Could you repeat exactly the lines below, from the line containing "This version of" through the last one, both included, while leaving out any pictures?

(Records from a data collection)
• • •
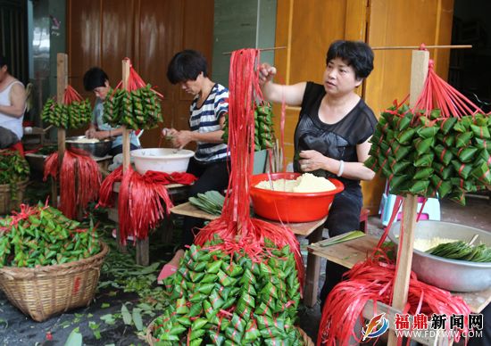 裹粽子是端午节的前奏,虽然距离端午节还有20多天的时间,但在福鼎市点头镇汇龙路的“头年粽”加工作坊早已热闹了,居民妇女们围坐在一起包着粽子,空气中弥漫着阵阵粽香,让人早早就感受到扑面而来的节日气氛。
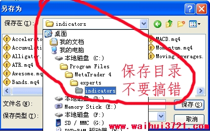 也可以在记事本中新建一个文件,把网页上的源码贴进记事本,然后取个文件名保存到上面提到的目录,不过文件后缀必须输入mq4,保存类型选择“所以文件”
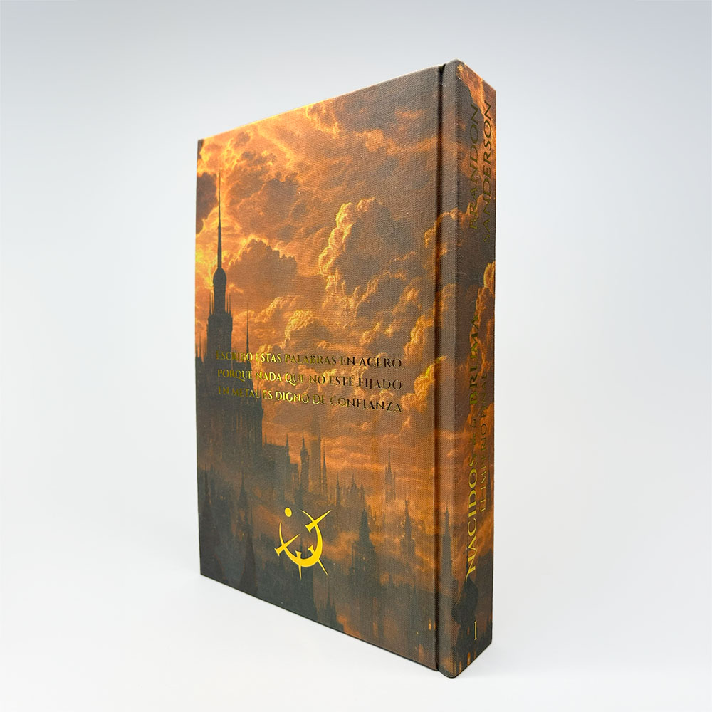 Esta edición parte del ejemplar original en tapa dura en español y ha sido transformada a mano con una cubierta que plasma el dramatismo del Imperio Final: cielos cubiertos de ceniza, siluetas sombrías y una ciudad bajo el yugo de la niebla.
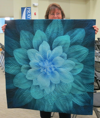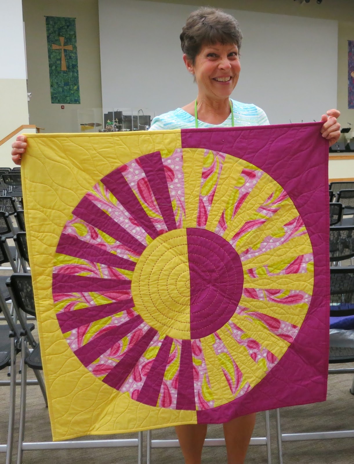 This version of “Carousel” was also quilted on her Bernina with rulers and walking foot spiral quilting.
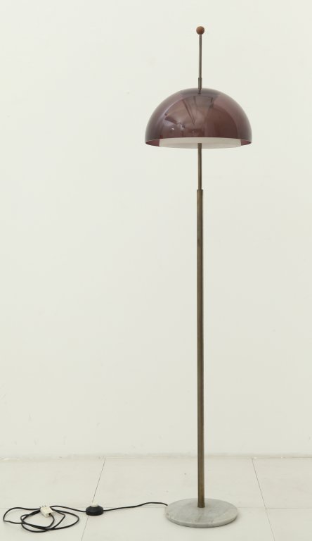UNA LAMPADA DA TERRA, anni "60. Marmo, ottone cromato, legno tornito, vetro...
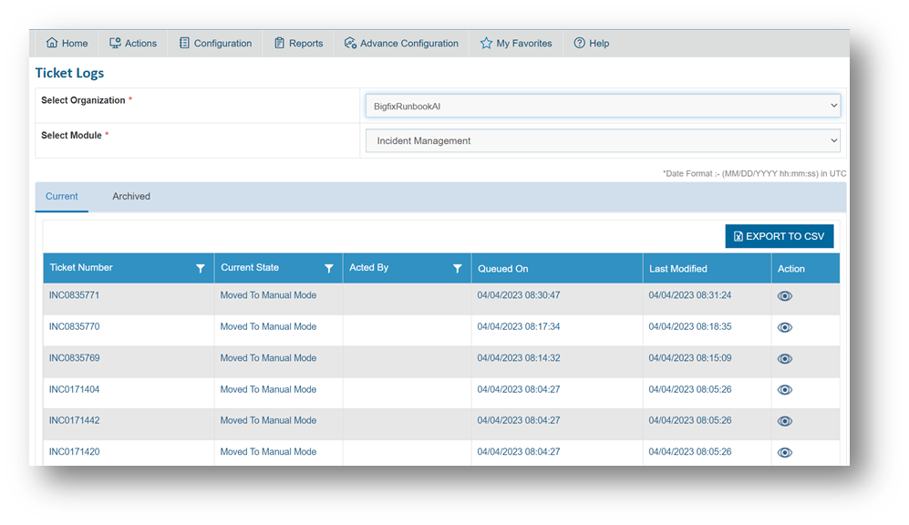- Current: Lists the log details of the tickets available for execution in the selected organization, including the ticket number, current state, acted by, queued on, and last modified information.
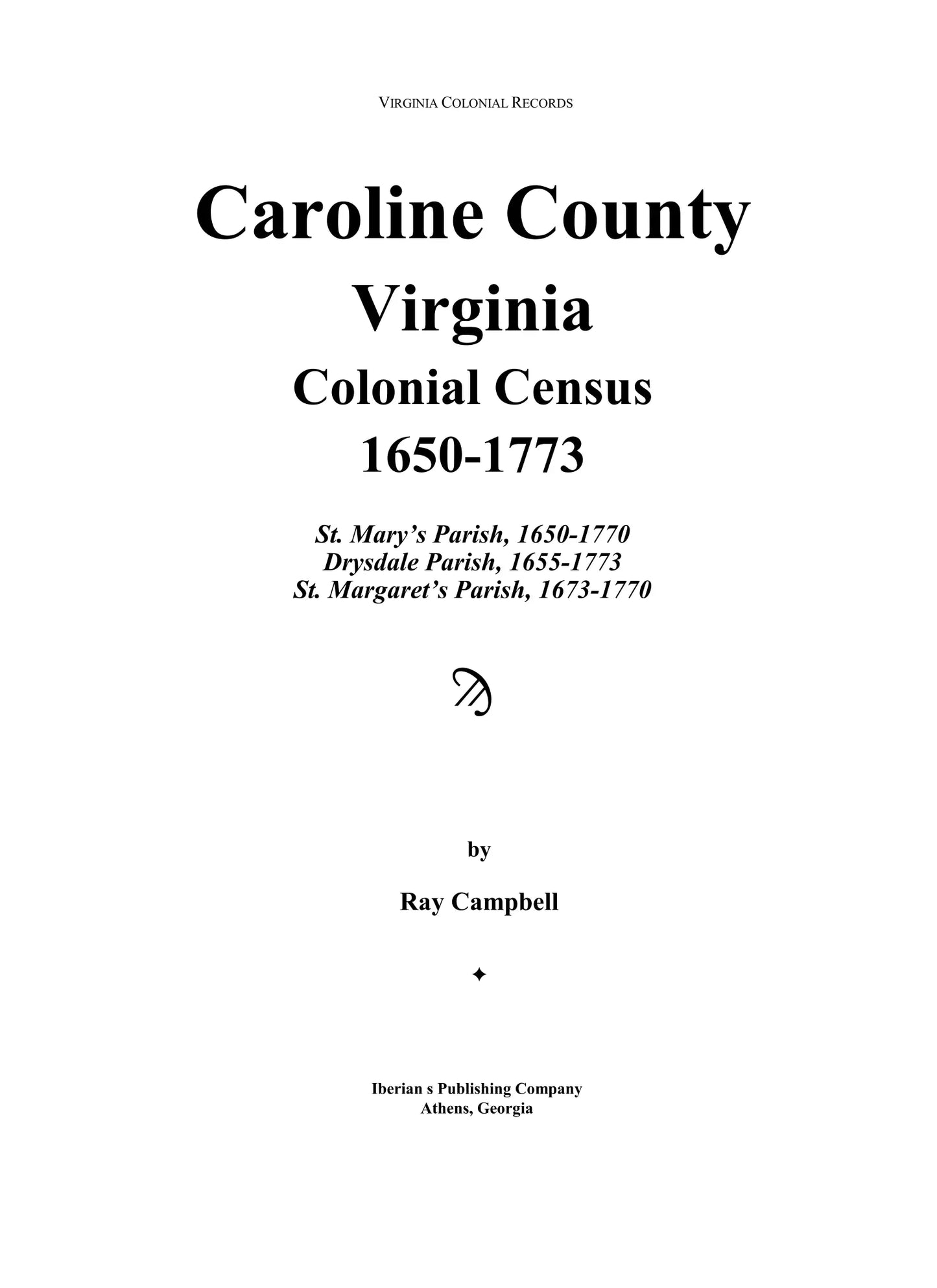 Caroline County, Virginia Colonial Census, 1650-1773: St. Mary's District, 1650-1770; Drysdale District, 1655-1773; St. Margaret's District, 1673-1770
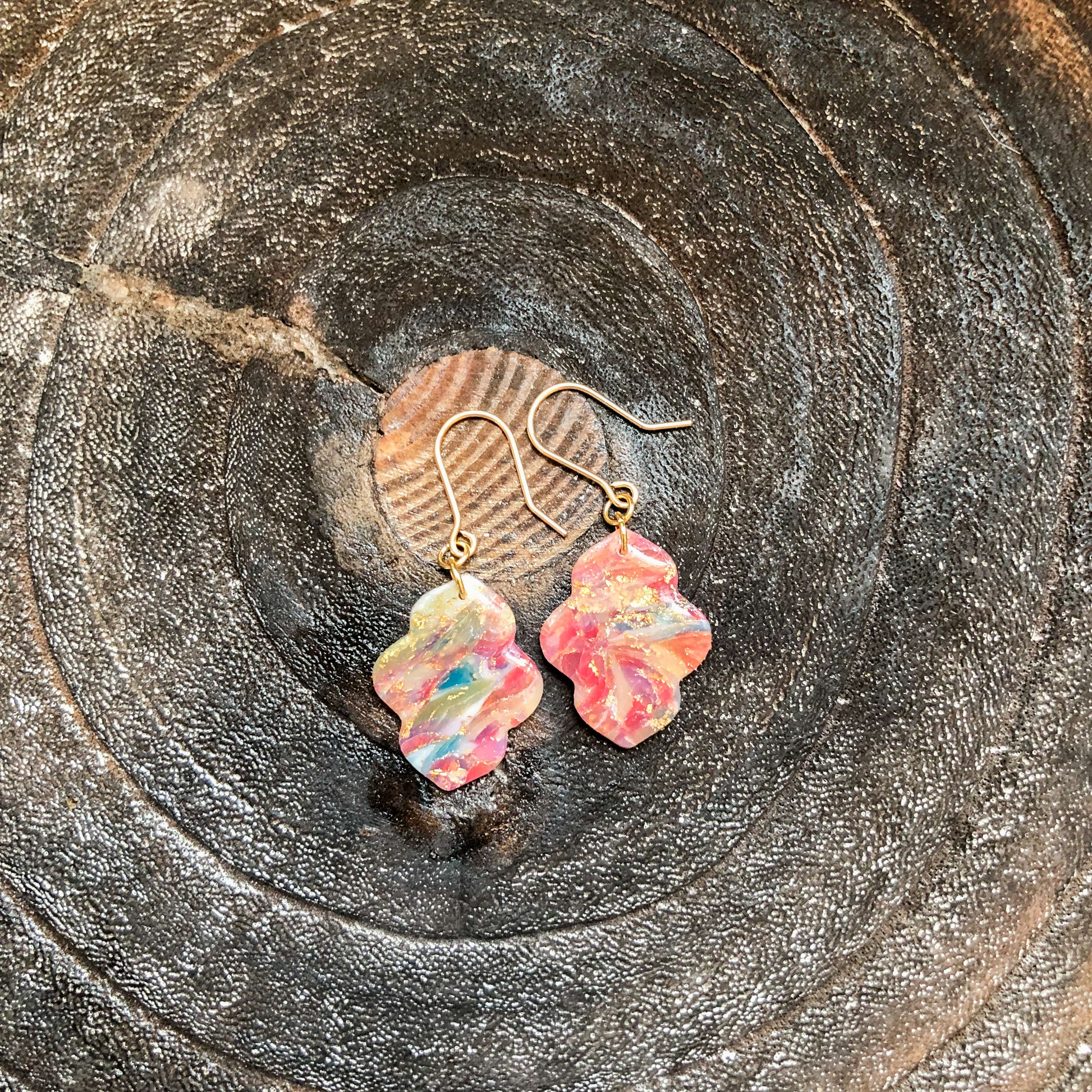 Warm shades of polymer clay marbled with gold leaf sheets, enhanced with UV Resin. The hooks are hand cut and shaped using 14k gold filled wire.
• • •
RESULT OF THIS TASK:
 This version of “Carousel” was also quilted on her Bernina with rulers and walking foot spiral quilting.
UNA LAMPADA DA TERRA, anni "60. Marmo, ottone cromato, legno tornito, vetro...
- Current: Lists the log details of the tickets available for execution in the selected organization, including the ticket number, current state, acted by, queued on, and last modified information.
 Caroline County, Virginia Colonial Census, 1650-1773: St. Mary's District, 1650-1770; Drysdale District, 1655-1773; St. Margaret's District, 1673-1770
 Warm shades of polymer clay marbled with gold leaf sheets, enhanced with UV Resin. The hooks are hand cut and shaped using 14k gold filled wire.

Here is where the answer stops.